Retype word for word the stretch of entries below from the line that has "生态环境部与中国作家协会联合" through the line that has "3.2 Gen1(蓝色)和2个USB 3.2", and omit the pictures.

STORED DATA>
__________
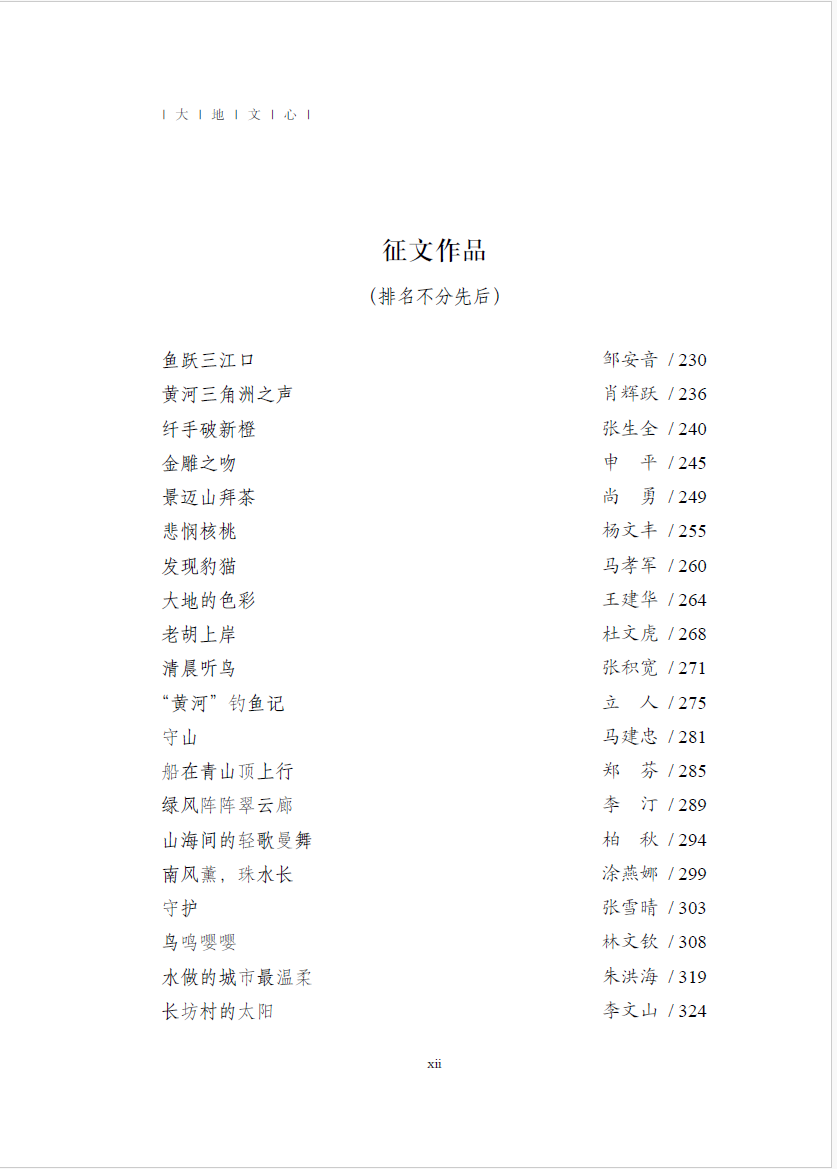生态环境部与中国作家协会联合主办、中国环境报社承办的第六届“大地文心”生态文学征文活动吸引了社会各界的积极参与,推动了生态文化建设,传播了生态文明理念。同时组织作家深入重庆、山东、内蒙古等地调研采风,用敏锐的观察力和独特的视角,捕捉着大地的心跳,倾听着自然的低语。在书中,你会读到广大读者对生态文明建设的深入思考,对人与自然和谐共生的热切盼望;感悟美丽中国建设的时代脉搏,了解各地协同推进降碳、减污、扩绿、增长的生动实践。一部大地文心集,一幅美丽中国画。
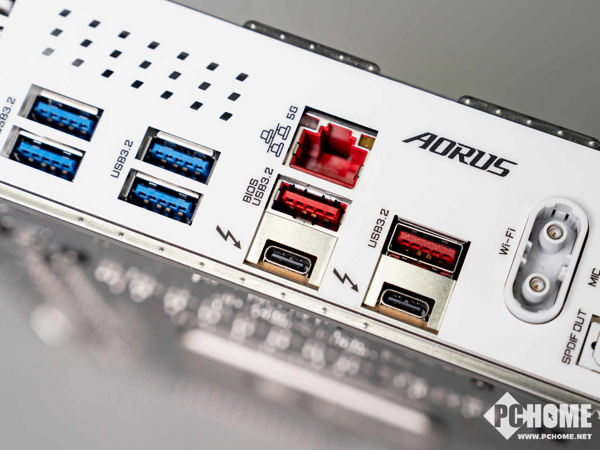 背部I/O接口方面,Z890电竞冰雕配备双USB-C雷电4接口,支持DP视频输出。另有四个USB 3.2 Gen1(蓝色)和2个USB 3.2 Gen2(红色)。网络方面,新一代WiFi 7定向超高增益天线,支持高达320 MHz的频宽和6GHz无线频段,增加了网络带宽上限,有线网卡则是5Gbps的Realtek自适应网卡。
__________
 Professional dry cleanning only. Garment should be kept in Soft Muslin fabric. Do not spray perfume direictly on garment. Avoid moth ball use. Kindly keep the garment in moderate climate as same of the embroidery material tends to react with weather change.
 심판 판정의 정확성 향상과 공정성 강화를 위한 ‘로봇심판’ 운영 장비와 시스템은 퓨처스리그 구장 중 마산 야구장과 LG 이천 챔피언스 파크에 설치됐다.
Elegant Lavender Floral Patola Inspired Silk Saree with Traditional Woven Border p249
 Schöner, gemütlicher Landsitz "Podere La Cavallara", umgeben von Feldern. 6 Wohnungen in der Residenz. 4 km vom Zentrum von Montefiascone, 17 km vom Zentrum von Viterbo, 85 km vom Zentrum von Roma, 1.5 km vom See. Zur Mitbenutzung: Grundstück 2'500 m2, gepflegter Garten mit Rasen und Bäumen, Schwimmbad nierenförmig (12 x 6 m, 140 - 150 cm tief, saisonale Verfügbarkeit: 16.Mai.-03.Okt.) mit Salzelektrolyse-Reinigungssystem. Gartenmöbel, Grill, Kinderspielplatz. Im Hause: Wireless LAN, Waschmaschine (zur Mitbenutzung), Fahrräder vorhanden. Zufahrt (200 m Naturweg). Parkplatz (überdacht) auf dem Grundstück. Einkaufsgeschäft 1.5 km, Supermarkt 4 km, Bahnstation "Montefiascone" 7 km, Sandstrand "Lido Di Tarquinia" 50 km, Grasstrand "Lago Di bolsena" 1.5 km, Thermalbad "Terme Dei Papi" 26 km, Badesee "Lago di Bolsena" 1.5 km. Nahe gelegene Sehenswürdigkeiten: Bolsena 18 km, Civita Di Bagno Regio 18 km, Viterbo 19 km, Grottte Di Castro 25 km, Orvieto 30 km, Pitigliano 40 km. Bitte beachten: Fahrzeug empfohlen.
__________
OUTPUT FOR THIS TASK>
生态环境部与中国作家协会联合主办、中国环境报社承办的第六届“大地文心”生态文学征文活动吸引了社会各界的积极参与,推动了生态文化建设,传播了生态文明理念。同时组织作家深入重庆、山东、内蒙古等地调研采风,用敏锐的观察力和独特的视角,捕捉着大地的心跳,倾听着自然的低语。在书中,你会读到广大读者对生态文明建设的深入思考,对人与自然和谐共生的热切盼望;感悟美丽中国建设的时代脉搏,了解各地协同推进降碳、减污、扩绿、增长的生动实践。一部大地文心集,一幅美丽中国画。
 背部I/O接口方面,Z890电竞冰雕配备双USB-C雷电4接口,支持DP视频输出。另有四个USB 3.2 Gen1(蓝色)和2个USB 3.2 Gen2(红色)。网络方面,新一代WiFi 7定向超高增益天线,支持高达320 MHz的频宽和6GHz无线频段,增加了网络带宽上限,有线网卡则是5Gbps的Realtek自适应网卡。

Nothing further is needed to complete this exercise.